A Finnish man’s six-year quest ended in Kirkwall last Thursday when he unveiled his findings on the 63-year-old maritime mystery surrounding the wreck of the Johanna Thorden.

Markku Hujala, from Turku, Finland, travelled to Orkney last week to present a half-day seminar in which he aired his theories on the cause of the 1937 wreck that saw 30 people perish.

A nephew of one of the eight survivors, Markku had visited the county a number of times, paying particular attention to South Ronaldsay – the site where the sole survivors of the disaster managed to come ashore. In connection with this, Markku’s latest trip has also allowed him to erect a memorial plaque at St Peter’s Kirk in South Ronaldsay where a few of those who perished are buried.

On the morning of Tuesday, January 12, 1937, the Johanna Thorden, a 5,500 ton vessel laden with a cargo estimated at the time to be worth $2 million, ran aground in the waters south of South Ronaldsay. But until Markku’s extensive investigation an element of uncertainty surrounded the disaster.

Returning from her maiden voyage, the Johanna Thorden had sailed from New York on the evening of January 1, 1937, bound for Gothenburg in Sweden. After six days of fair weather, the ship came through harsh north-westerly gales until at around 5.45 am on January 12, hurricane-force south easterly gales drove the Johanna Thorden aground somewhere in the Pentland Firth.

At the time the survivors claimed the ship had gone aground on the Pentland Skerries – most probably the Outer Skerry – but local opinion was that the vessel had actually struck the Clett of Swona, the bow section of the ship having been observed there by the Longhope lifeboat later on the day of the wreck. Markku, however, is firmly convinced that the Finnish sailors were correct and that the bow section had been blown to its final resting place by a combination of gale force winds and the raging tide.

After interviewing the survivors, Markku has pieced together a picture of the events of that day – a day when Orkney witnessed its worst peacetime maritime disaster.

As the vessel approached the Pentland Firth on the evening of January 11, the crew were looking out for the light of the Dunnet Head lighthouse, which they knew should be kept to the starboard side of the ship. However, to the west of Hoy another light caught their attention and led them to believe they were considerably off course.

Shining out to sea through the darkness, the glow from the recently lit Torness lighthouse on the south western tip of Hoy caused confusion. The captain had no record of this new lighthouse on his navigational charts and therefore believed they had drifted and that this lighthouse had to be Dunnet Head.

Turning the vessel towards the light it soon became apparent from the sheer height of the cliffs of Hoy that they were now certainly heading in the wrong direction. Slowing down, the ship stayed to the west of Hoy for around three hours, waiting for the tide before steaming back towards the Firth.
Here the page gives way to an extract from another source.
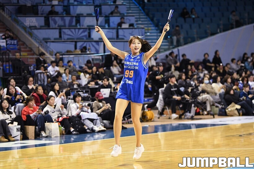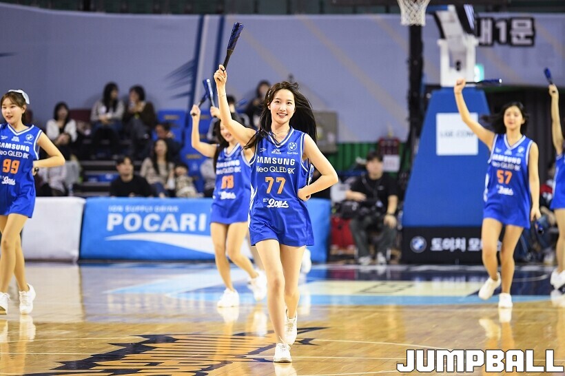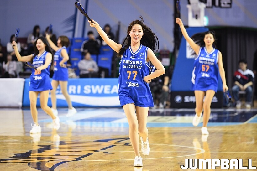 [점프볼=잠실/유용우 기자] 23일 잠실실내체육관에서 열린 2025-2026 LG전자 프로농구 서울 삼성과 울산 현대모비스의 경기, 삼성 치어리더들이 7연패 탈출을 기원하며 응원전을 펼치고 있다.

Making her way through the Pentland Firth all seemed to be well but unknown to the crew, the Johanna Thorden was veering slightly off course. The reason for this is unclear but Markku has theorised that the steel cargo on board the vessel was affecting the behaviour of the compass, possibly by around five or ten degrees.
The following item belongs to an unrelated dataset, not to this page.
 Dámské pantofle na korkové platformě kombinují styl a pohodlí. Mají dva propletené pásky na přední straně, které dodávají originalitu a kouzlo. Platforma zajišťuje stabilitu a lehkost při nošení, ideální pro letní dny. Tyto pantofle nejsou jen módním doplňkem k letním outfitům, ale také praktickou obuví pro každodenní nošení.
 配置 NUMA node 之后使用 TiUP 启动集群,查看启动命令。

“At 0520 hours they had gone “full ahead” which, if their course was correct, have taken them straight out into the North Sea,” said Markku.
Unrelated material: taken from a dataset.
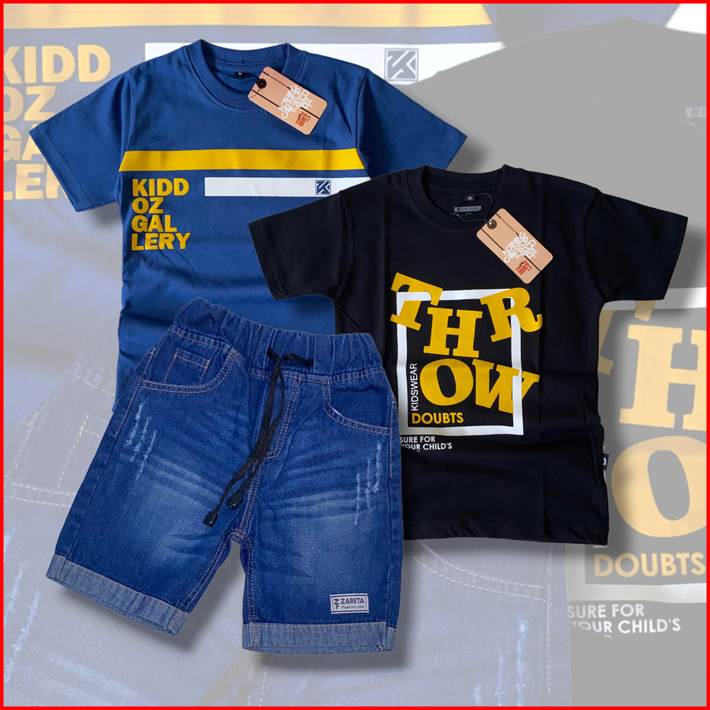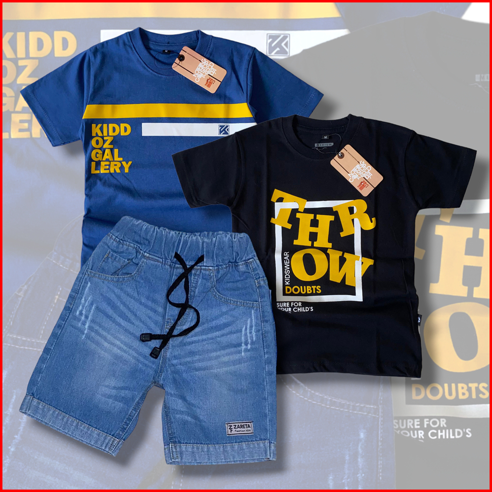 Paket Setelan Anak Dua Kaos Dan Celana Jeans Pendek Usia 4-12 Tahun Danim Kiddoz-hitam Throw

“But somehow the boat curved to the left because of the tidal bore, the compass error and maybe a little human error. A captain I have spoken to said that ten to twenty degrees is an easy error in those waters.”

As the vessel came out into the less-sheltered waters to the south-west of the Pentland Skerries, the buffeting gales and a fierce northward tidal stream pushed the Johanna Thorden further to the north and she struck the skerries.

At 6.15 am the first of the ship’s lifeboats was launched, holding the two women and the two little boys who were on board as well as 21 members of the crew. The same combinations of tidal current and wind carried the lifeboat’s passengers to their deaths. At 7am on the morning of Wednesday, January 13, watchers in Deerness spotted this lifeboat by the Point of Bisber near Dingieshowe. The boat came ashore later that day along with the bodies of three men. There were no survivors and for days afterwards the bodies of those who had perished were washed ashore, some found in South Ronaldsay, others turning up in Flotta, Copinsay, Deerness and Sanday.

An hour after the first lifeboat had left the stricken vessel, the second lifeboat was launched with the remaining 13 passengers and crewmen on board. After a three-hour battle with the elements only eight exhausted men made it ashore on South Ronaldsay.

With his quest now completed, Markku intends to compile all his findings on a CD-ROM, a copy of which he will supply to the Orkney Archives.

For him some of the the mystery of the Johanna Thorden remains, but he is happy with the results of his work.

“I stop here,” he said. “I’m satisfied now. I’m glad I did it and I feel relief now the job is done. I now have a theory which I believe, but as the people in the East say ‘there might be many things in the world’ and I believe it is the same here.

“These are my personal observations and people think in different ways. Maybe part of the truth is still out there, somewhere."